■ **EXERCISE DIRECTIONS**:
Every record that follows must be duplicated exactly, with images left out.

■ **EXERCISE DATA**:

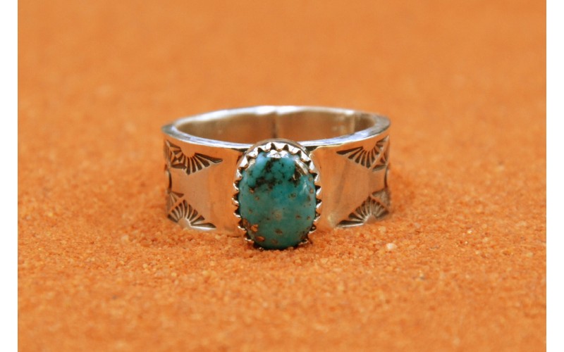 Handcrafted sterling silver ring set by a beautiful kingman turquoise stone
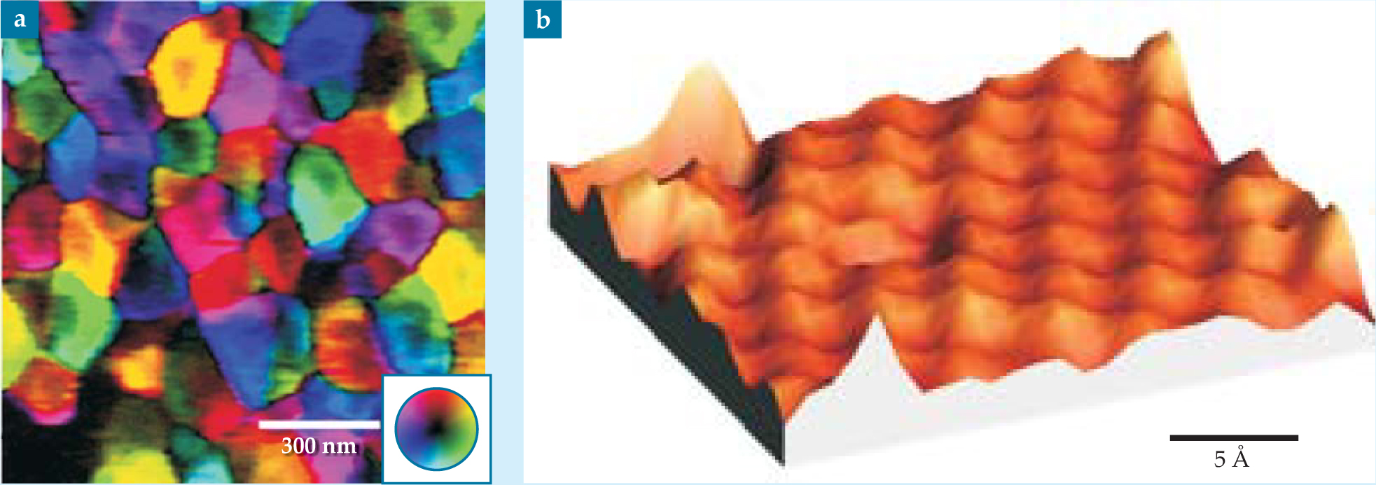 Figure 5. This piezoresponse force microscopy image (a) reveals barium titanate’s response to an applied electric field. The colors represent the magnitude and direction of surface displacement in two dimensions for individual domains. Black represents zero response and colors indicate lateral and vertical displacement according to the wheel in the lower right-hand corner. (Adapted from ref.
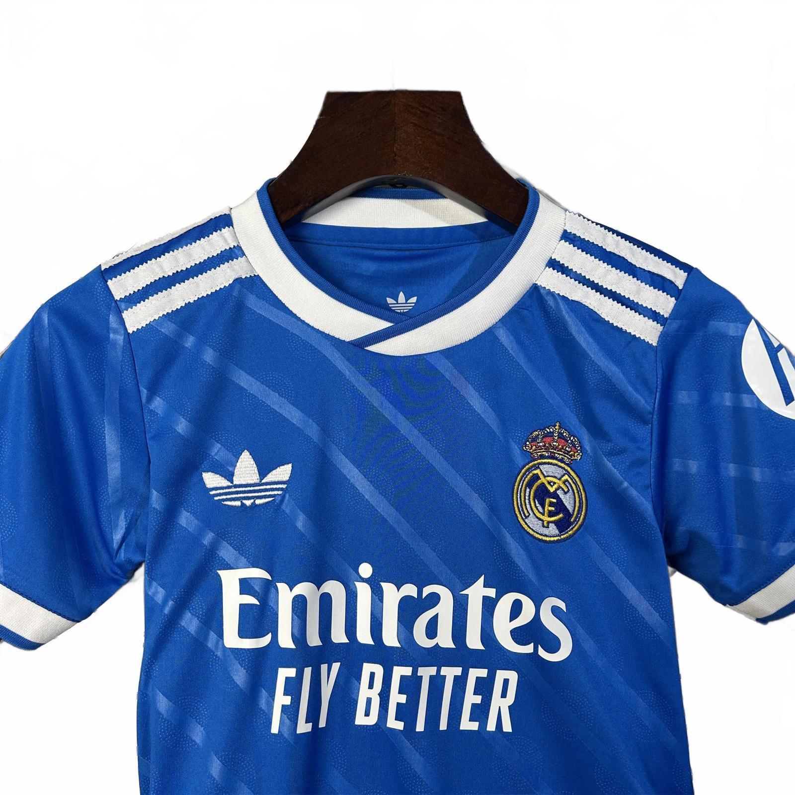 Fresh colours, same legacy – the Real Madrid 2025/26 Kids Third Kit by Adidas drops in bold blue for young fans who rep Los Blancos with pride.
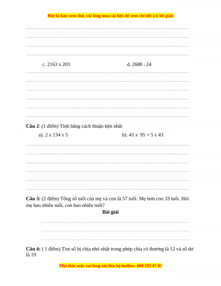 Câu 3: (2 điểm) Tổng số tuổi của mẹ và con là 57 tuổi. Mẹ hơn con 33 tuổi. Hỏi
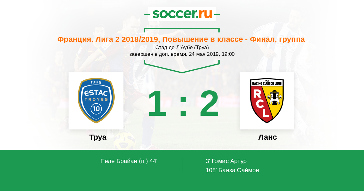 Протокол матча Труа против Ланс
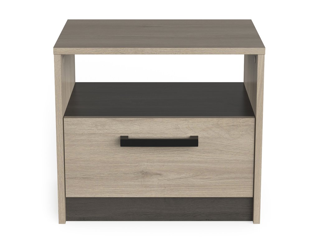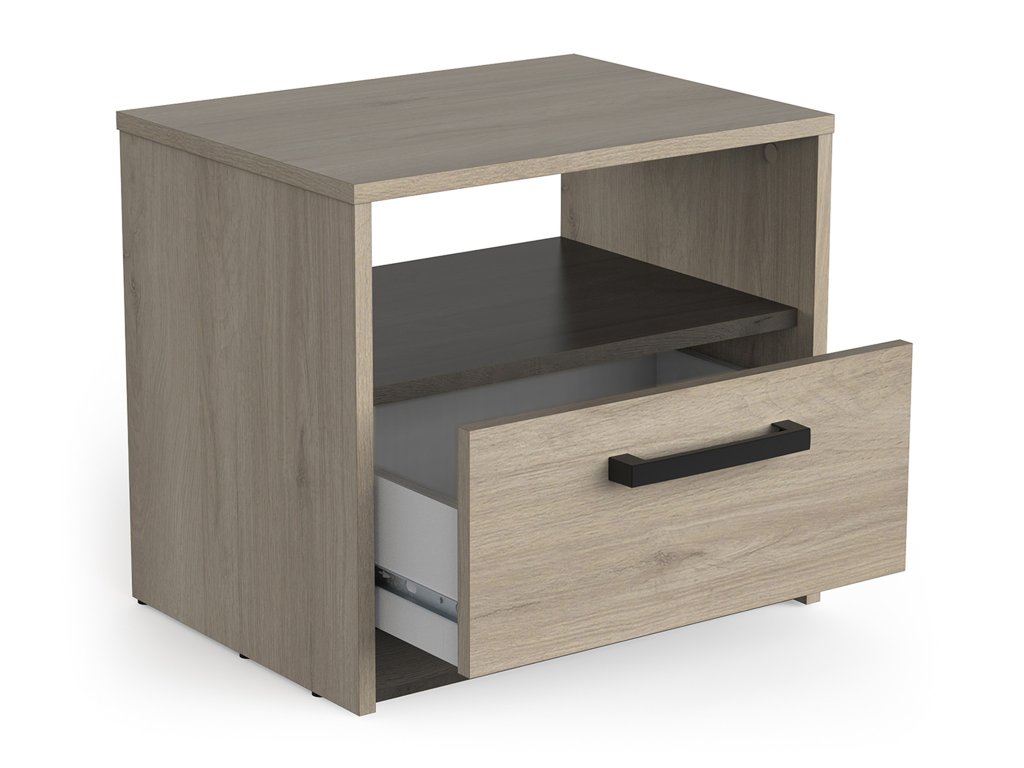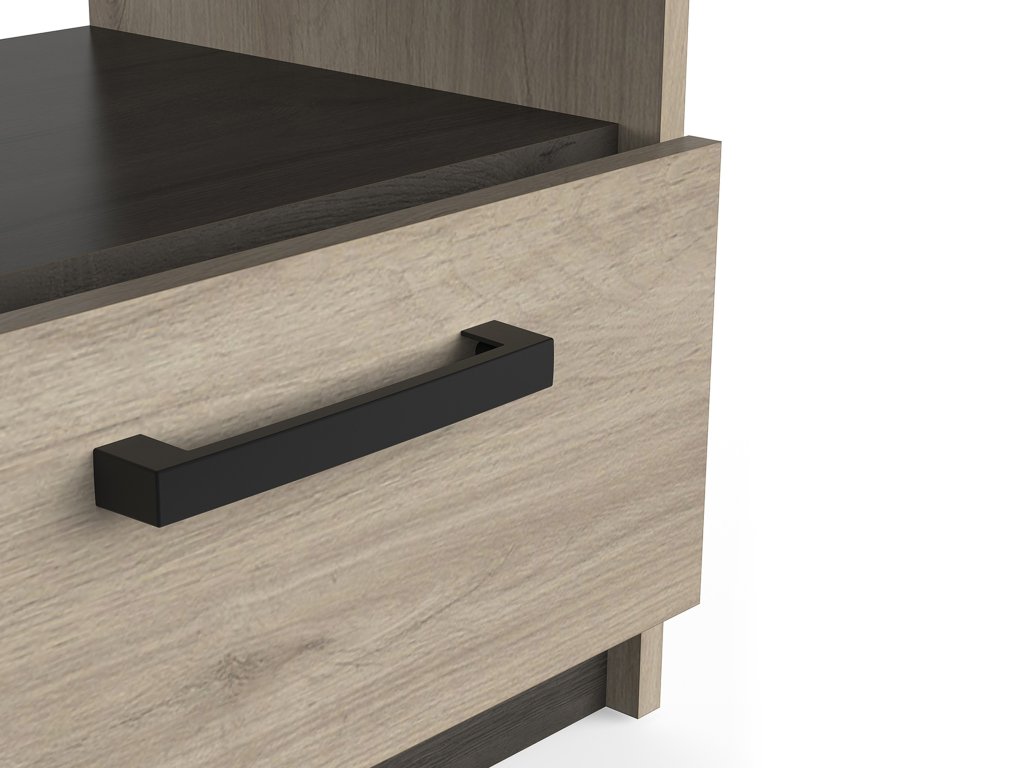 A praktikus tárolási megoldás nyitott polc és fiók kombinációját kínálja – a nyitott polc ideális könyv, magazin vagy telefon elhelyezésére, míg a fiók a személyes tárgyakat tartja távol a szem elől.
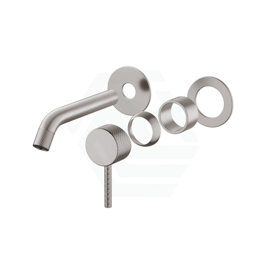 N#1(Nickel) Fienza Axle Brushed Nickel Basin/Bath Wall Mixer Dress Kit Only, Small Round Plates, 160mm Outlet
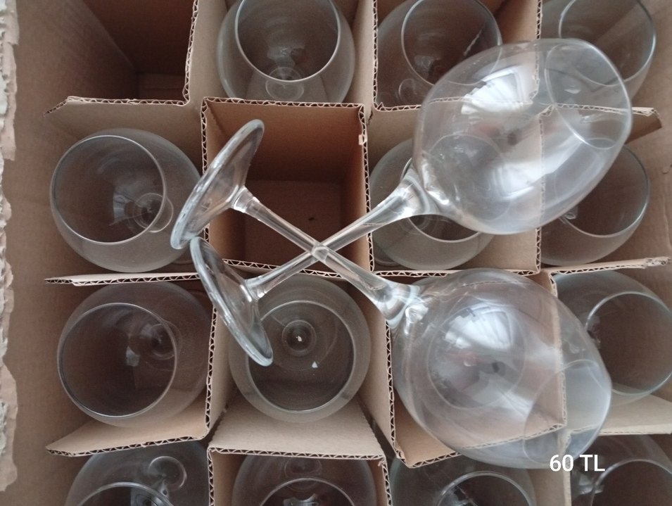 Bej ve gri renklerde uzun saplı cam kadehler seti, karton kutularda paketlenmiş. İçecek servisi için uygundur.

■ **YOUR SOLUTION**:
 Handcrafted sterling silver ring set by a beautiful kingman turquoise stone
 Figure 5. This piezoresponse force microscopy image (a) reveals barium titanate’s response to an applied electric field. The colors represent the magnitude and direction of surface displacement in two dimensions for individual domains. Black represents zero response and colors indicate lateral and vertical displacement according to the wheel in the lower right-hand corner. (Adapted from ref.
 Fresh colours, same legacy – the Real Madrid 2025/26 Kids Third Kit by Adidas drops in bold blue for young fans who rep Los Blancos with pride.
 Câu 3: (2 điểm) Tổng số tuổi của mẹ và con là 57 tuổi. Mẹ hơn con 33 tuổi. Hỏi
 Протокол матча Труа против Ланс
 A praktikus tárolási megoldás nyitott polc és fiók kombinációját kínálja – a nyitott polc ideális könyv, magazin vagy telefon elhelyezésére, míg a fiók a személyes tárgyakat tartja távol a szem elől.
 N#1(Nickel) Fienza Axle Brushed Nickel Basin/Bath Wall Mixer Dress Kit Only, Small Round Plates, 160mm Outlet
 Bej ve gri renklerde uzun saplı cam kadehler seti, karton kutularda paketlenmiş. İçecek servisi için uygundur.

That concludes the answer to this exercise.